*Dataset excerpts*:
---
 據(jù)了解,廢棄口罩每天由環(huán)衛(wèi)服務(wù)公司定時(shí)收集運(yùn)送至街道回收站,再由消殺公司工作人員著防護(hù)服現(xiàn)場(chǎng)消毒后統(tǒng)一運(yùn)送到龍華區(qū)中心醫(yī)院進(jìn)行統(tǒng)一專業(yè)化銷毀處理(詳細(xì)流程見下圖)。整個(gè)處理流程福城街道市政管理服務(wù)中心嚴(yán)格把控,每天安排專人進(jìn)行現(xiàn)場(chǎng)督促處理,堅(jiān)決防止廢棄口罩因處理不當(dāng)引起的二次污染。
---
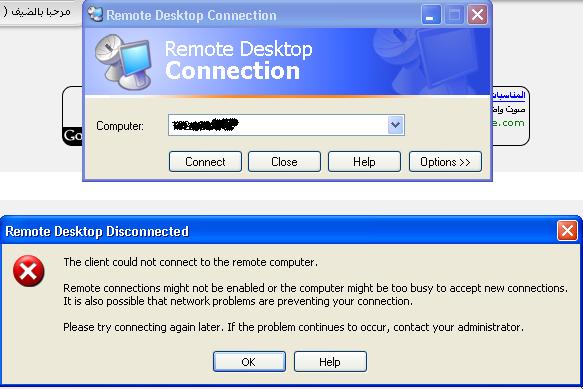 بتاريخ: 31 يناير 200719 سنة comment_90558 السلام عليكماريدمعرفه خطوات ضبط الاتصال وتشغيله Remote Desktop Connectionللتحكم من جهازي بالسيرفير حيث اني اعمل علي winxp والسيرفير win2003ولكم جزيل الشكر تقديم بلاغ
---
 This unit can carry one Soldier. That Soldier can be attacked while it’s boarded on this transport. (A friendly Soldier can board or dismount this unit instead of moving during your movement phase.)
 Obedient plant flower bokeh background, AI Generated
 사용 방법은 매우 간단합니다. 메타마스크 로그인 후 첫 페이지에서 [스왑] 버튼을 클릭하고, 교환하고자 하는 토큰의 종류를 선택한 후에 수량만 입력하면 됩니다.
---
*Exercise details*: Print exactly the lines above from the one with "This unit can" to the one with "사용 방법은 매우 간단합니다.", including both.

*Solution below*:
 This unit can carry one Soldier. That Soldier can be attacked while it’s boarded on this transport. (A friendly Soldier can board or dismount this unit instead of moving during your movement phase.)
 Obedient plant flower bokeh background, AI Generated
 사용 방법은 매우 간단합니다. 메타마스크 로그인 후 첫 페이지에서 [스왑] 버튼을 클릭하고, 교환하고자 하는 토큰의 종류를 선택한 후에 수량만 입력하면 됩니다.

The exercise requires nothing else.